◆ Your goal ◆
Would you please repeat exactly the entries below, starting at the line with "Chicken Breast, Baby" and ending at the line with "Manejamos tus datos", and nothing outside that range? Leave out the pictures.

◆ Records provided ◆

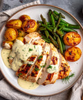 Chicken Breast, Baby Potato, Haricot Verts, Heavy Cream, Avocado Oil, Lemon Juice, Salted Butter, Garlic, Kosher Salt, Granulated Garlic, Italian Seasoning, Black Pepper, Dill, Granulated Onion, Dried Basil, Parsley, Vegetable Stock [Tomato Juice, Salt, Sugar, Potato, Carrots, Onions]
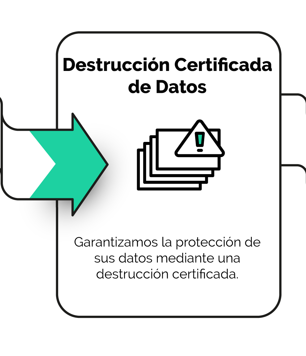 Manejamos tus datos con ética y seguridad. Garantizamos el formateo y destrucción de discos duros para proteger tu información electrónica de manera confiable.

==

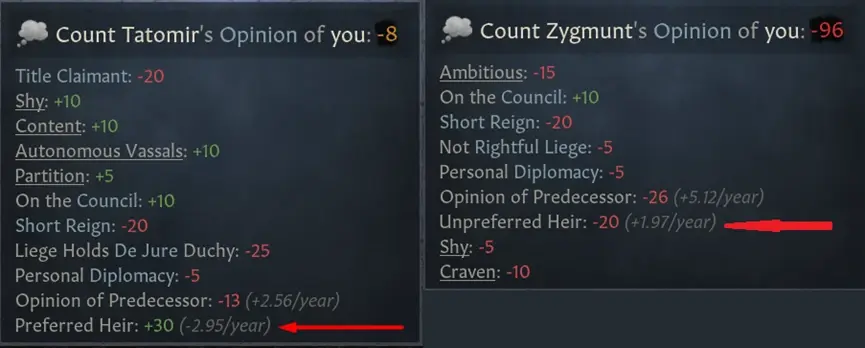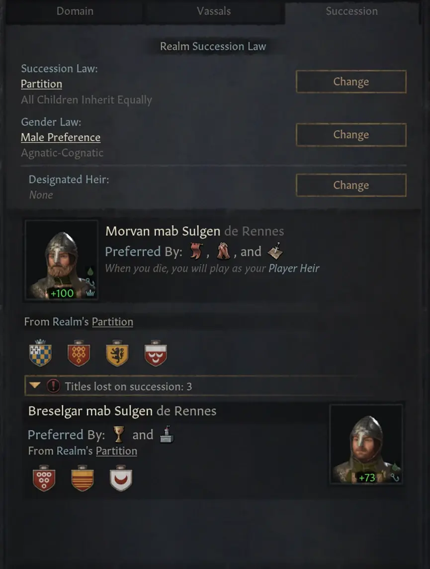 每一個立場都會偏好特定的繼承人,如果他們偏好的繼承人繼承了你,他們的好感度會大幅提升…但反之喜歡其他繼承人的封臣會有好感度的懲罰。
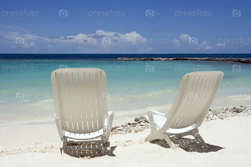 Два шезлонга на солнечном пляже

◆ Answer area ◆
 Chicken Breast, Baby Potato, Haricot Verts, Heavy Cream, Avocado Oil, Lemon Juice, Salted Butter, Garlic, Kosher Salt, Granulated Garlic, Italian Seasoning, Black Pepper, Dill, Granulated Onion, Dried Basil, Parsley, Vegetable Stock [Tomato Juice, Salt, Sugar, Potato, Carrots, Onions]
 Manejamos tus datos con ética y seguridad. Garantizamos el formateo y destrucción de discos duros para proteger tu información electrónica de manera confiable.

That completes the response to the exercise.